Mary found herself sitting on the grass verge beside the road. She wasn’t sure how she got there but there was a sharp pain in her shoulder.
She shook her head and noticed the Number 184 bus disappearing into the gloom of the day.
It was then she remembered hovering above a man digging a hole when everything went haywire. The bus as it ruined the corner must have clipped her and sent her onto the grass.
Fairies have a natural urge to fly, but the pain in her shoulder told her she had a broken wing.
Thank goodness for health insurance she thought to herself and then wondered of all things why that thought came to mind. Her mother had insisted from the day she started flying that she get health insurance. Flitting here and there can be dangerous as Fairies flit at speeds the human eye cannot detect. Today though it was her hovering that resulted in her present problem.
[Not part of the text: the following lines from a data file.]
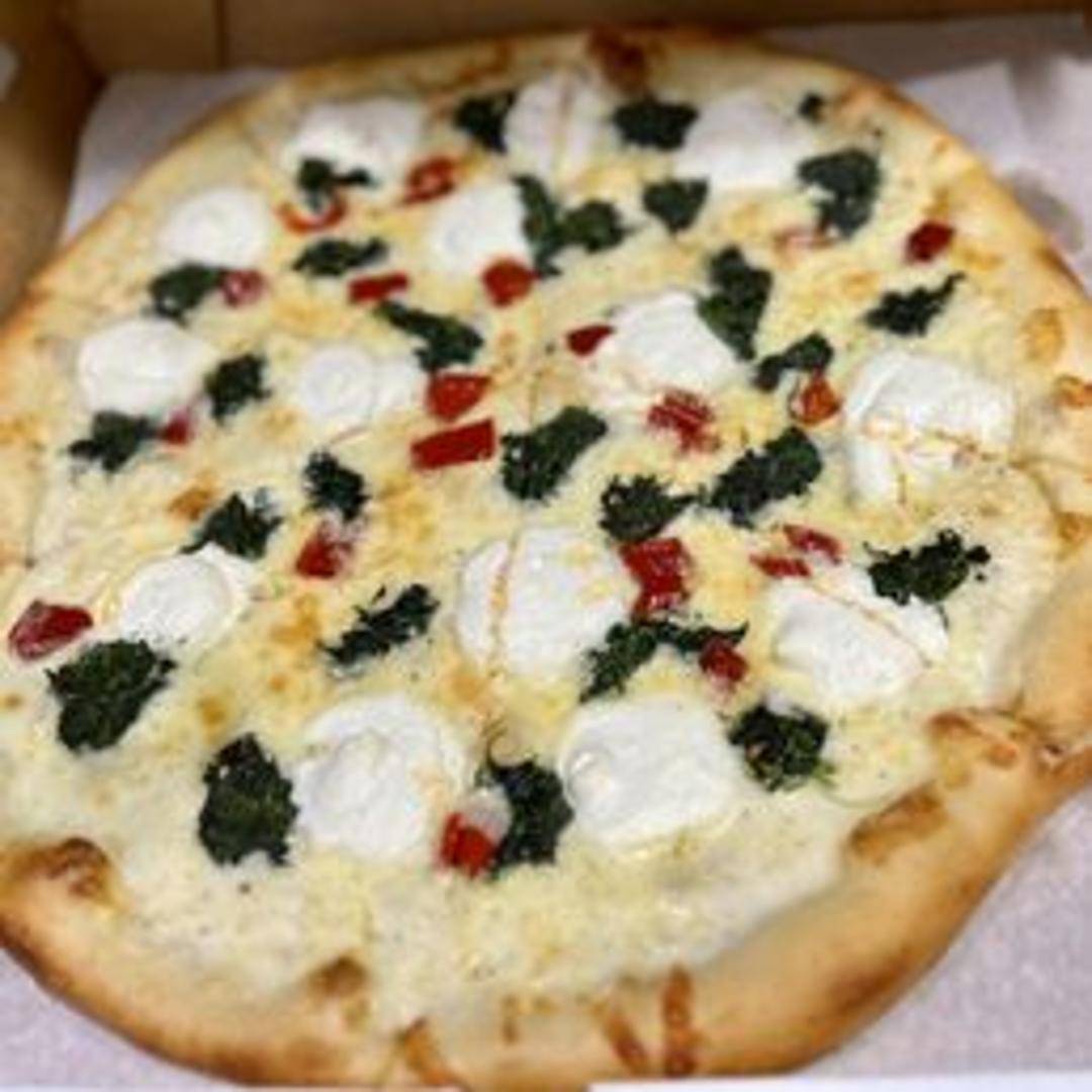 A whole pizza with a ricotta cheese base, topped with mozzarella, provolone, garlic, olive oil, and fresh basil.
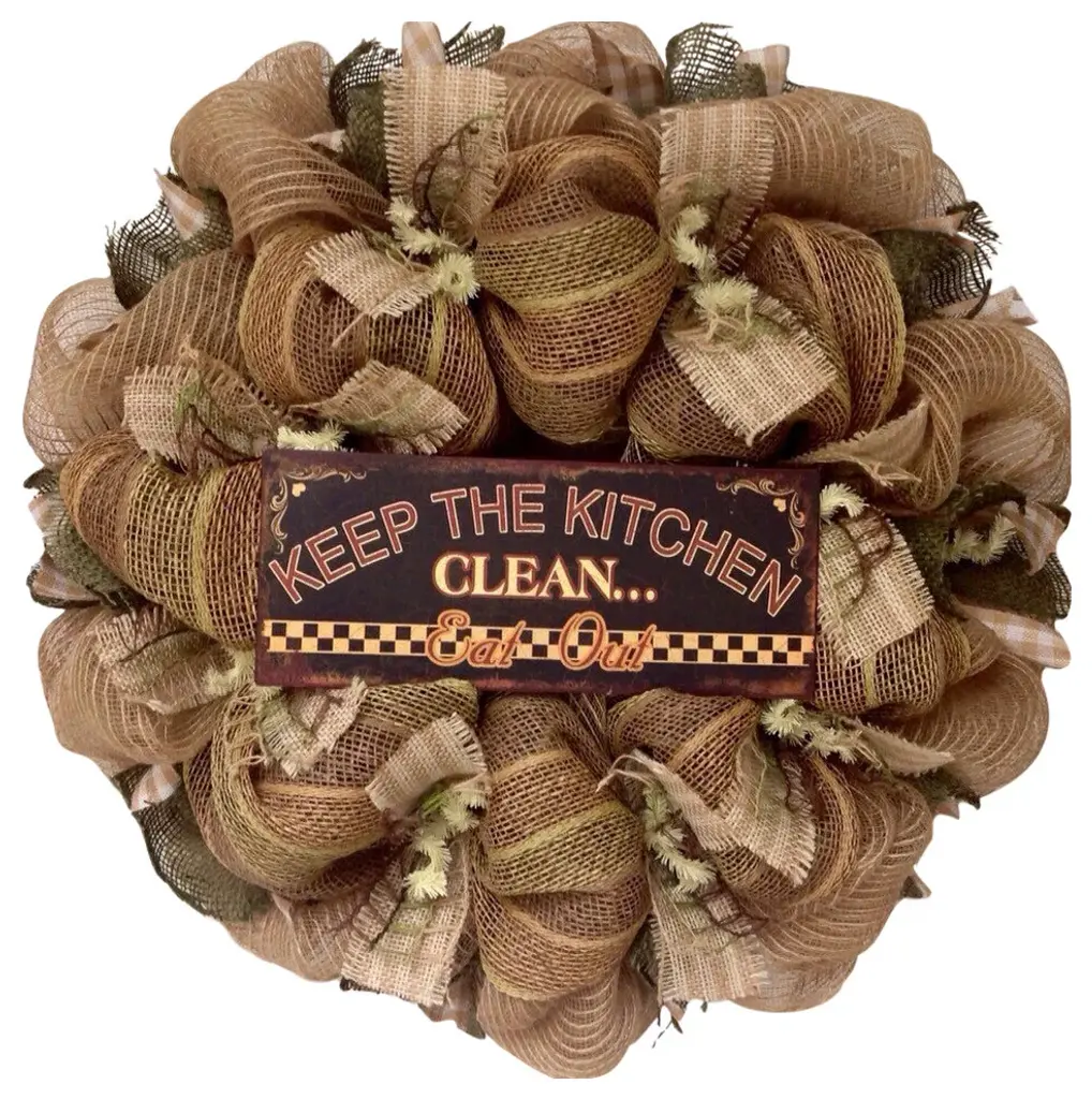 Beautiful Handmade Autumn Baby Wreath. A large aluminum, harvest sign, rests on a bed of creamy deco mesh. The sign is decorated with a white pumpkin. It has a harvest orange border and the wording "œHello Little Pumpkin."� The accent is surrounded by colorful pumpkin ribbons and burlap with lace ribbons. The outer wreath is made of burlap and cream plaid fabric mesh. Natural burlap and cream mesh ribbons and canvas ribbons with large pumpkins surround the outer ring. Perfect for decorating a baby''s room or baby shower. Indoor/Outdoor 24 inch diameter, 6 inch depth.
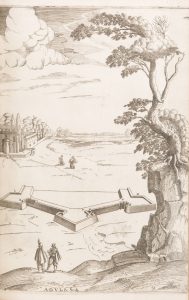 C’est l’auteur lui-même qui dessina et grava ces 53 planches qui représentent des plans de fortifications, avec en fond des vues de villes ou d’habitations à vol d’oiseau.
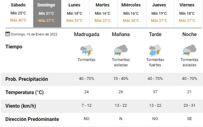 El ranking de temperaturas elaborado a las 15 por el SMN era encabezado, con 43º por la ciudad de La Rioja. Le seguían: Santiago del Estero (41.8º), Termas del Río Hondo (41.7º), 9 de Julio (40.8º), Córdoba (40.2º) y Pilar (Córdoba, 40º).
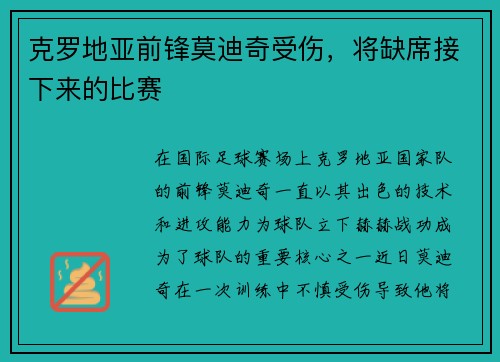 根据克罗地亚足协的官方声明,莫迪奇的伤情为肌肉拉伤,虽然伤势并不严重,但医生建议他需要进行充分的休养和恢复,因此无法参加接下来的国际比赛和俱乐部赛事。尽管这对于莫迪奇个人来说是一次不小的打击,但对整个克罗地亚队来说,也将是一次巨大的挑战。

Unable to fly she had to walk home and as walking wasn’t something she did a lot of it was a slow and arduous trek home.
As she trudged along she knew she was going to have to go and see Mother Drake, the Fairy Wing repairer. Mother Drake was excellent at repairing broken wings, an occupational hazard for every fairy.
As Mary expected Mother Drake was full of value judgements, she was going too fast, not paying attention, too young and too carefree, the list went on and on.
Mary suffered it all as Mother Drake went about applying the necessary ointment and splint to hold the broken wing in place. Mary would be confined to home for the next week or so as the healing took place.
This would be her first stint as a patient and she wasn’t looking forward to it, as she liked to be out and about. But right now the long walk home had worn her out and so with instructions from Mother Drake sounding in her ears she made it home and settled herself into her bed.
She awoke with the most excruciating pain. Her wing joint seemed to be on fire. She looked about for the painkillers Mother Drake had given her and swallowed several.
Whatever was in the tablets worked almost immediately and Mary felt herself floating off into a deep slumber.
Next thing she knew Mother Drake was standing over her going on about the younger generation unable to follow the simplest instructions. Mary had taken a few too many painkillers and a week had passed during which Mary’s housemate, Agnes Thistle, had raised the alarm.
The good side to all that was Mary’s broken wing was repairing well and once Mary had had a strong cup of Fairy Tea she was soon feeling her usual self, her broken wing now capable of the odd flutter or two.
Mary’s well being was a relief to everyone, especially to Mother Drake who on her departure left Mary with a sizeable bill for the week she had put in watching over her.
Thank goodness for health insurance thought Mary as she looked at the bill, twice.
No wonder Mother Drake lived so well.